На другой день рано утром Шипицын нехотя брел к приисковой конторе. В голове у него стояло ужаснейшее похмелье. Он несколько раз должен был останавливаться и отдыхать на свалках перемытого песку. «Поднесет или нет Ираида Филатьевна стаканчик? – думал старик, с трудом передвигая Подгибавшиеся и дрожавшие ноги. – Ох, хорошо бы пропустить два таких стаканчика…» – с безнадежной тоской прибавлял Шипицын про себя, и в его воспаленном мозгу уже рисовалась картина, как Ираида Филатьевна берет графин водки и наливает стаканчик.

– Эй вы, что же это вы едва шевелитесь? – окликнул Шипицына женский голос.

– Вот те и раз… – проговорил старик, поднимая голову. – К самой конторе подошел… Ишь ты!… Никак, у них гости? Какая-то дама… Должно быть, меня за кучера приняла.

У конторы действительно стояла тройка оседланных лошадей, а по крыльцу нетерпеливыми шагами ходила сама Ираида Филатьевна в шелковом цилиндре с вуалью, в синей амазонке с длиннейшим шлейфом и в шведских перчатках с лакированными манжетами. Шипицын не узнал ее сначала; она показалась ему выше, чем вчера, и неизмеримо красивее. Он даже снял свою баранью шапочку и униженно поклонился издали.

– Да ну же, чего вы стали? – закричала на Шипицына Ираида Филатьевна, топая ногой. – Я вас с которой поры здесь жду… Верхом умеете ездить?

– Д-да…

– Ну, так садитесь, сейчас же и в дорогу. Вот стоит гнедая, на нее и садитесь.

Шипицын отправился к гнедой лошади, закинул ногу в стремя и, как мешок с травой, свалился на землю.
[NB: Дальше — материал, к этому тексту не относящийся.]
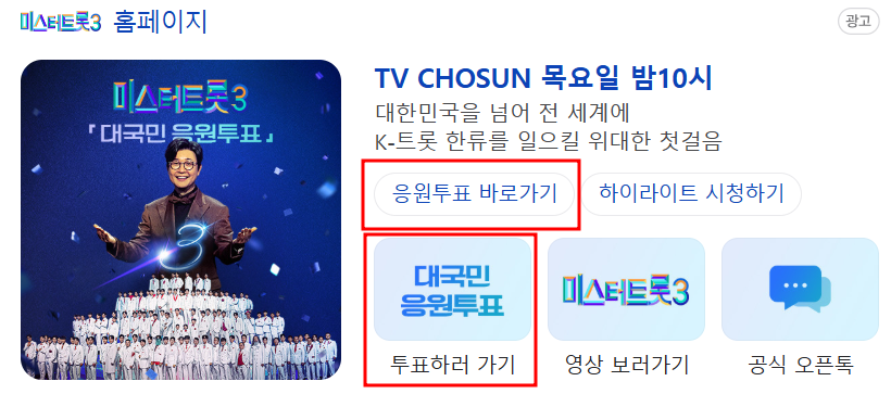- 네이버 검색창에 "미스터트롯3 투표" 입력

– Не могу, Ираида Филатьевна… – прошептал он. – Мне бы поправиться… чуточку поправиться… Я молодцом проеду, ей-богу молодцом!…

Ираида Филатьевна ушла в контору и вернулась с полубутылкой коньяку в одной руке, а другой она торопливо спрятала в карман своей амазонки плохонький старинный револьвер системы Лефоше. Пока Шипицын допивал второй стаканчик, из людской показался кучер Макар.
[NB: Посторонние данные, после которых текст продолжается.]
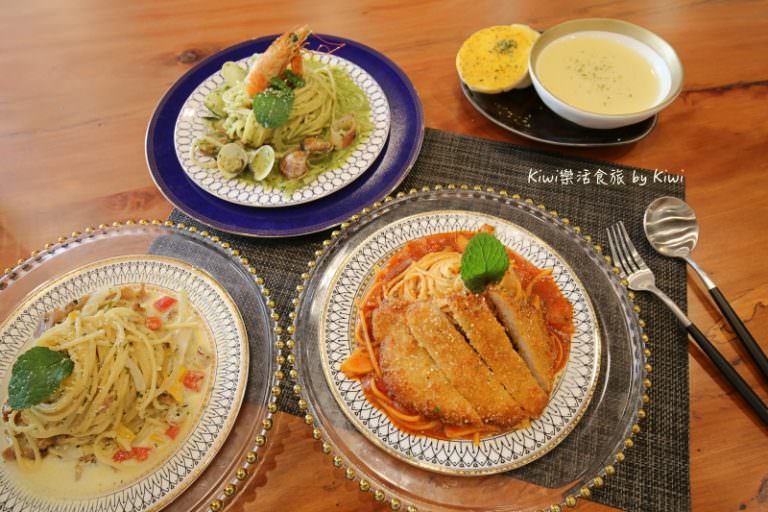 我們點了一份白醬雞柳義大利麵、青醬海鮮總匯義大利麵、紅醬經典豬排義大利麵

«Ну, и езопа же барышня где-то добыла», – думал он, не торопясь подходя к крыльцу.

При помощи Макара Ираида Филатьевна взобралась в седло и опытной рукой натянула поводья: соловый киргиз-иноходец, с поротыми ушами, красиво выгнул свою оленью шею и нетерпеливо затоптался на одном месте. Шипицын, спрятав недопитую бутылку за пазуху, тоже взмостился на свою лошадь, причем никак не мог попасть другим лаптем в стремя.

– Макар, принеси свои сапоги, – скомандовала Ираида Филатьевна, сгорая от нетерпения.

Макар неохотно сходил за сапогами и, почесывая в затылке, подал их Шипицыну.

– Две повертки налево, а потом одна направо? – спрашивала Ираида Филатьевна, пока Шипицын надевал сапоги.

– Точно так-с, барышня, – отвечал Макар, бойко встряхивая своими подстриженными в скобу волосами. – Первая повертка налево будет на прииск Талой, к Соболеву, значит… Вторая повертка налево уведет в Мураши, деревушка тут есть, а третья направо – на прииск Кошьик, к Колченогову.

Через пять минут Ираида Филатьевна уже спускалась на своем иноходце под гору, прямо на прииск; Шипицын рысцой, дрыгая в седле, старался догнать ее. В поводу он вел запасную лошадь в дамском седле; это была лучшая лошадь на прииске, вороной масти, с тонкими сильными ногами и блестевшими черными глазами. Шипицын даже не спросил, куда они едут: по воинственному виду Ираиды Филатьевны он видел, что они едут добывать от Хомутова «стрелу». Они скоро миновали прииск и поднялись на крутую лесистую горку; с нее открывался великолепный вид на весь прииск и на контору, которая занимала небольшое возвышение. Картина получалась самая пестрая: на протяжении целой версты земля была изрыта по всем направлениям и образовала по бокам прииска громадные свалки; Коковинка была запружена в нескольких местах, и ее мутную, желтую воду издали трудно было отличить от размытых песчаных берегов. Несколько золотопромывательных машин, штанговая водокачка, паровик около шахты, толпы рабочих, катившиеся приисковые тележки, нагруженные золотоносным песком, – все это было залито ликующим светом занимавшегося ветряного дня и производило хорошее, доброе впечатление. Ираида Филатьевна любила приисковую жизнь; эта лихорадочная деятельность была в ее характере, отвечая ее авантюристским наклонностям.

– Экое обзаведение, подумаешь, – задумчиво проговорил Шипицын.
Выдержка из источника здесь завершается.